Problem statement: The listing is to be printed word for word, pictures omitted.

Data provided:
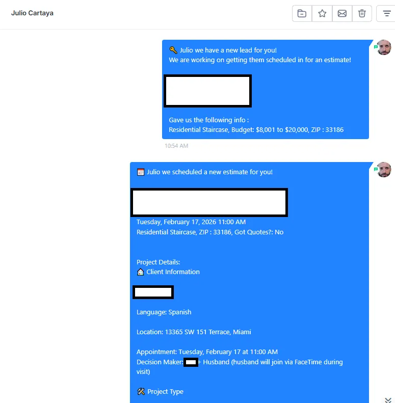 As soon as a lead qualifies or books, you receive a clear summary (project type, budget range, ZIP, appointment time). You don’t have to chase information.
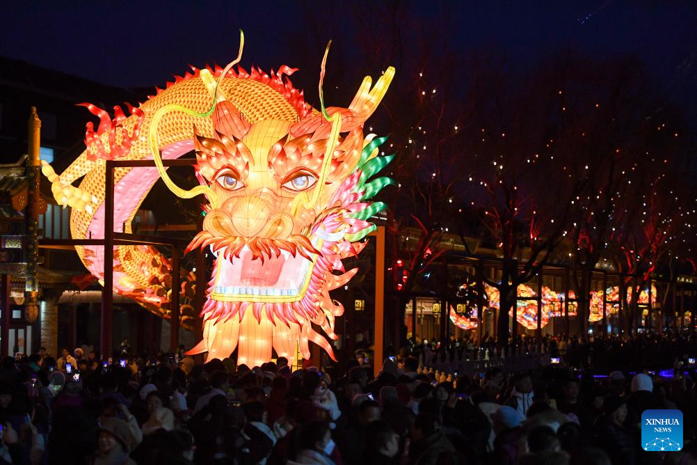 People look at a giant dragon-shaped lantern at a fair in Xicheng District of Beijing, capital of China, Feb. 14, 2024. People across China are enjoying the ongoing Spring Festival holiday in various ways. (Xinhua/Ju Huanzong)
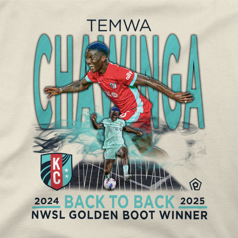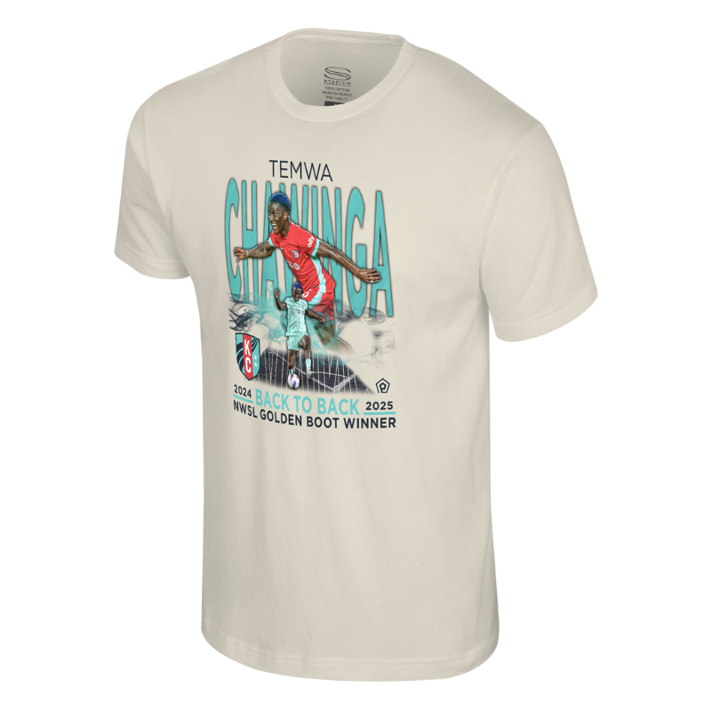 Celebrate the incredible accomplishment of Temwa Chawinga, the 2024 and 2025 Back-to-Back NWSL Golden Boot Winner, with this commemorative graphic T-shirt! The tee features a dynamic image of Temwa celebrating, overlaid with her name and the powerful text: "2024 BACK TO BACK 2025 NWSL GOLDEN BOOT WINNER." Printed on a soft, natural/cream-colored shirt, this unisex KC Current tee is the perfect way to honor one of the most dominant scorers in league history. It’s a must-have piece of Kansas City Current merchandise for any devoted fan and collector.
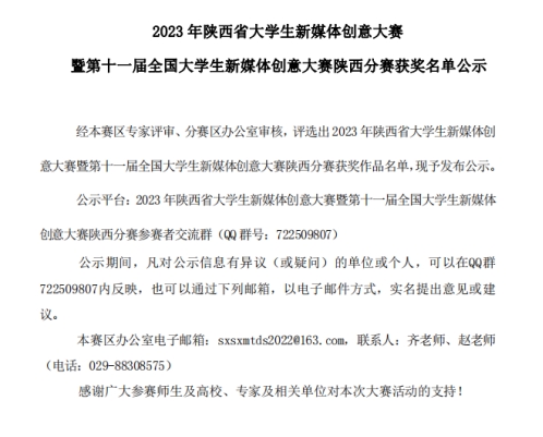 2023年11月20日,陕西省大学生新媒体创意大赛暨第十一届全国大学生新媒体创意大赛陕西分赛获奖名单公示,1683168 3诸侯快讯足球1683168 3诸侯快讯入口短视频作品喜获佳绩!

Exercise answer:
 As soon as a lead qualifies or books, you receive a clear summary (project type, budget range, ZIP, appointment time). You don’t have to chase information.
 People look at a giant dragon-shaped lantern at a fair in Xicheng District of Beijing, capital of China, Feb. 14, 2024. People across China are enjoying the ongoing Spring Festival holiday in various ways. (Xinhua/Ju Huanzong)
 Celebrate the incredible accomplishment of Temwa Chawinga, the 2024 and 2025 Back-to-Back NWSL Golden Boot Winner, with this commemorative graphic T-shirt! The tee features a dynamic image of Temwa celebrating, overlaid with her name and the powerful text: "2024 BACK TO BACK 2025 NWSL GOLDEN BOOT WINNER." Printed on a soft, natural/cream-colored shirt, this unisex KC Current tee is the perfect way to honor one of the most dominant scorers in league history. It’s a must-have piece of Kansas City Current merchandise for any devoted fan and collector.
 2023年11月20日,陕西省大学生新媒体创意大赛暨第十一届全国大学生新媒体创意大赛陕西分赛获奖名单公示,1683168 3诸侯快讯足球1683168 3诸侯快讯入口短视频作品喜获佳绩!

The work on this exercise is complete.